This has been a long time coming and with recent events being a catalyst, I can no longer contain my disdain for stupid people. If you’re a left-wing-hippie who says corporations are bad and down with “the man”; first off, go fuck yourself with an all-natural-soy based-free range-vegan granola bar. Second, go fuck yourself with your hemp-bead necklace you non-showering, deodorant-handicapped, jobless, living-in-your-mother’s-basement, non-real-world-living hippie. Third, you might want to skip this post and come back next week because it could get hateful…more hateful. If you’re a loyal reader but also a hippie; I love you but you need to leave for the time being; go be idealistic somewhere else like rainbow-fantasy land where everyone works for marshmallows and sunshine, and technology falls out of the sky from some alien Apple Computer spaceship. So…come back next Tuesday.

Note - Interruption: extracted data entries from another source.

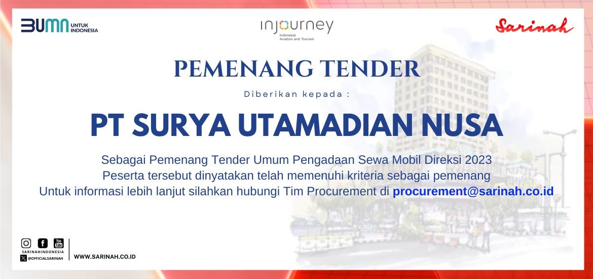 Pengumuman Pemenang Tender Umum Pengadaan Sewa Mobil Direksi 2023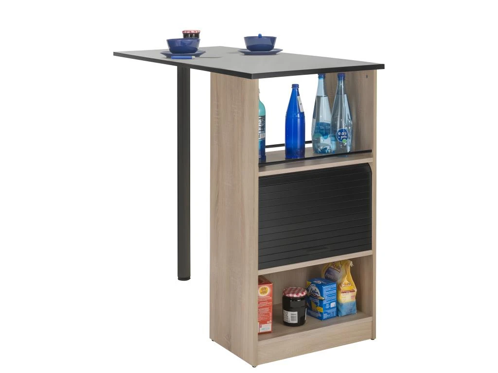 Meuble Rangement de Cuisine Coloris Chêne Naturel avec Table et Pied Métal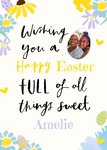 "Wishing you a happy Easter full of things sweet Amelia". 'Amelia' can be personalised!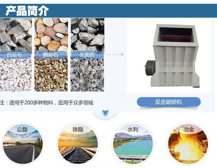 反擊式破碎機采用了特別的結(jié)構(gòu)設(shè)計,成品呈立方體,粒型相當好,能破碎抗壓強度不超過350MPa的各種物料如花崗巖、石灰石等,廣泛應(yīng)用于各種礦石破碎、鐵路、高速公路、建筑等行業(yè)。
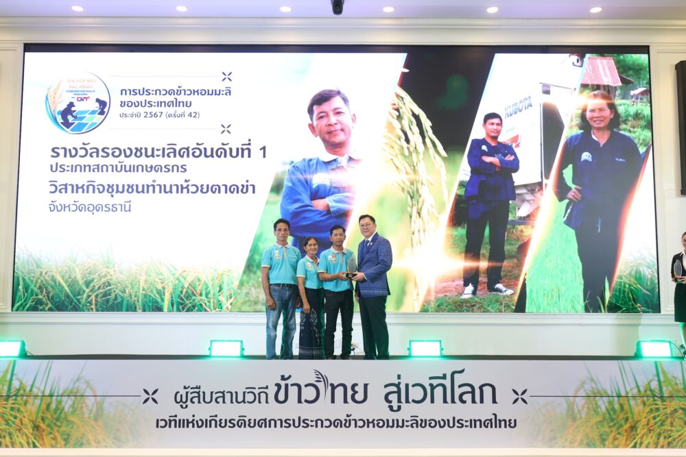 พร้อมเชื่อมโยงการตลาด สร้างมูลค่าเพิ่ม ส่งเสริมการกระจายรายได้สู่ชุมชนและเปิดช่องทางจำหน่ายอย่างยั่งยืนให้กับชาวนาไทย โดยมี อุดรธานี โดย นายฉัตรเชาวสิโรตม์ ยอดคีรี ประธานกลุ่มวิสาหกิจชุมชนทำนาห้วยตาดข่า จังหวัดอุดรธานี นำทีมสมาชิกเกษตรกร เข้ารับรางวัลจาก นายจตุพร บุรุษพัฒน์ รัฐมนตรีว่าการกระทรวงพาณิชย์ ประธานในพิธี

I’m not a gung-ho-right-wing-tea party-membership card-carrying politico by any means, but with the level of stupidity I saw yesterday on the Yahoo! News comments section; I wish I had the ability to bottle said stupidity and sell it as a novelty at Spencer’s Gifts. I feel it would be an ironic slap in the face of these ass-tards protesting “corporate America”, money and Wall Street.

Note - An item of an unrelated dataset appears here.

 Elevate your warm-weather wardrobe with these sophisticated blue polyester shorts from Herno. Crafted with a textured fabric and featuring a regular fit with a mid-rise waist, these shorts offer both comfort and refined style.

It would, without exaggeration, take a minimum of posting daily for a month to cover every single asinine point that has been made as to why making money is the equivalent (in their eyes) of raping children in 3rd world countries for shits and giggles. For those of you not able to keep up, they think money is evil.

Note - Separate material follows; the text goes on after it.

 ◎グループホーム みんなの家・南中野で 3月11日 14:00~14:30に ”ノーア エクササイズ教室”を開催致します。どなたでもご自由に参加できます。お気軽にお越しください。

To those standing outside buildings (you know, those big concrete things people with JOBS go inside) in NYC protesting with your cute little signs deriding big corporations, I ask: who do you think manufactured those markers and that card board you’re using? Who do you think made that computer that you’re using to type stupid, half thought out comments on a forum (Yahoo!) run by a FUCKING CORPORATION?! You think all this technology is fucking magic? You think the technology gods are pleased with their people and reward us with Mac Book Pros?
Then I have to listen to more retards tell me how we outsource all our jobs over-seas. Yeah, ok, that sucks but guess what…that’s like 1% of the total jobs these evil companies provide. What about all the high paying, higher tax bracket jobs that are right here; like engineers, accountants, marketing teams and the myriad of other jobs they create? I work right the fuck in the middle of the technology field and I guaran-God damn-ty you there are an incredible shit-ton of jobs right here in America that pay taxes which in turn create income for those city workers that maintain the sewage system that you hippies keep destroying with your fucked up hippie diets.
You want to get rid of money all together? Good luck getting shit done because I don’t work for free and I’m sure as hell not bartering for a fucking animal pelt when I live in the hottest fucking state in America!
I just wish I could grab one of these idealist bastards and punch him in the face repeatedly until he needed medical attention, then send his ass to Canada or England for treatment. We’ll see what he thinks of a social medical system then…hippie! I bet I’d be back at work earning a paycheck before he even made it through triage.
No money, plus no big corporations, plus socialism creates a stagnant society. There’s no reason to create bigger and better technology if there’s no one there to pay you for your ideas. If there’s no competition, there’s no reason to create. We might as well go back to the year 1250 and eke out a shitty living eating oats and fucking tree branches (which is probably what the vegans want). But to that I say fuck you, fuck you right in your hairy hippie face. I like cable TV and microwaves and fucking trucks! I like washing my ass with body soap and a loofah. Yeah…a loofah. And I like my guns and computer and my cell-phone. And I’ll call your hippie ass from my cell-phone to tell you how wonderful deodorant is and tooth brushes and fucking clothes, and trashmen and HD-porn-on-demand. You go live in your depressing, dark, smelly hut made of leaves and goat shit, and I’ll enjoy my nice 3 bedroom, air conditioned apartment with internet and cable…hippie!